No que respeita à cortiça de 1 977, o documento de fls 303-305 dos autos explica a redução operada na verba (de 1 900 500$00), devendo-se a redução das verbas constantes do documento n.º 51 (conclusão 19.ª) à dedução de 35% para encargos de extracção, conforme informação de fls 303-305 dos autos (vd 2.2.12.).

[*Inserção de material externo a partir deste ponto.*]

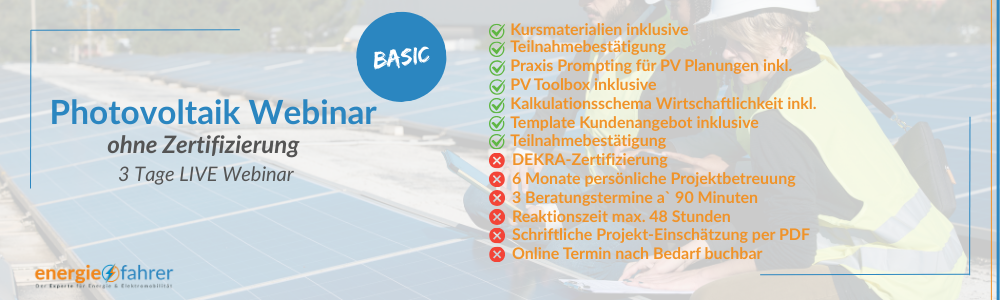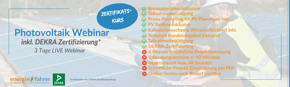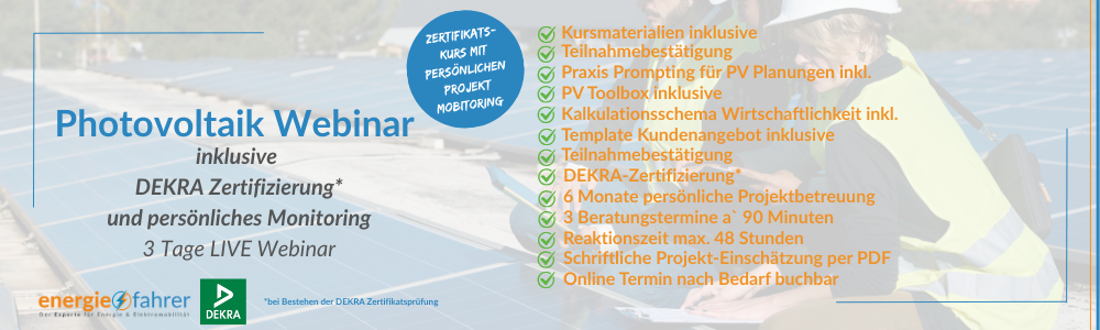 Unser LIVE-Webinar „DEKRA zertifizierte/r Projektmanager/in Photovoltaik" qualifiziert Sie zum Experten für das professionelle Management von PV-Projekten. In drei intensiven Kurstagen erwerben Sie praxisrelevantes Wissen – vom regulatorischen Rahmen über technische Systemintegration bis zu wirtschaftlichen Betreibermodellen.

Finalmente, no que respeita à remição para os juros estabelecidos no Decreto-Lei n.º 213/79, de 14/7 (conclusão 23.ª), não se pode deixar de considerar que se sabe como se irá processar o pagamento dos juros, que os recorrentes, aliás, põem em causa, pelo que também falece a falta de fundamentação, sendo certo que sempre teria de improceder tal vício, de acordo com o expendido em 2.2.13
Improcedem, assim, todas as referenciadas conclusões das alegações de recurso (2.ª, 3.ª, 5.ª, 7.ª, 8.ª, 11.ª, 13.ª, 19.ª e 24.ª).
3. DECISÃO
Nesta conformidade, acorda-se em conceder provimento ao recurso e, por procedência dos vícios apreciados em 2.2.1., 2.2.6., 2.2.7., 2.2.10. e 2.2.12., nos termos neles expendidos, anular o acto impugnado.
Sem custas.
Lisboa, 12 de Julho de 2005. – António Madureira (relator) – João Belchior – Fernanda Xavier.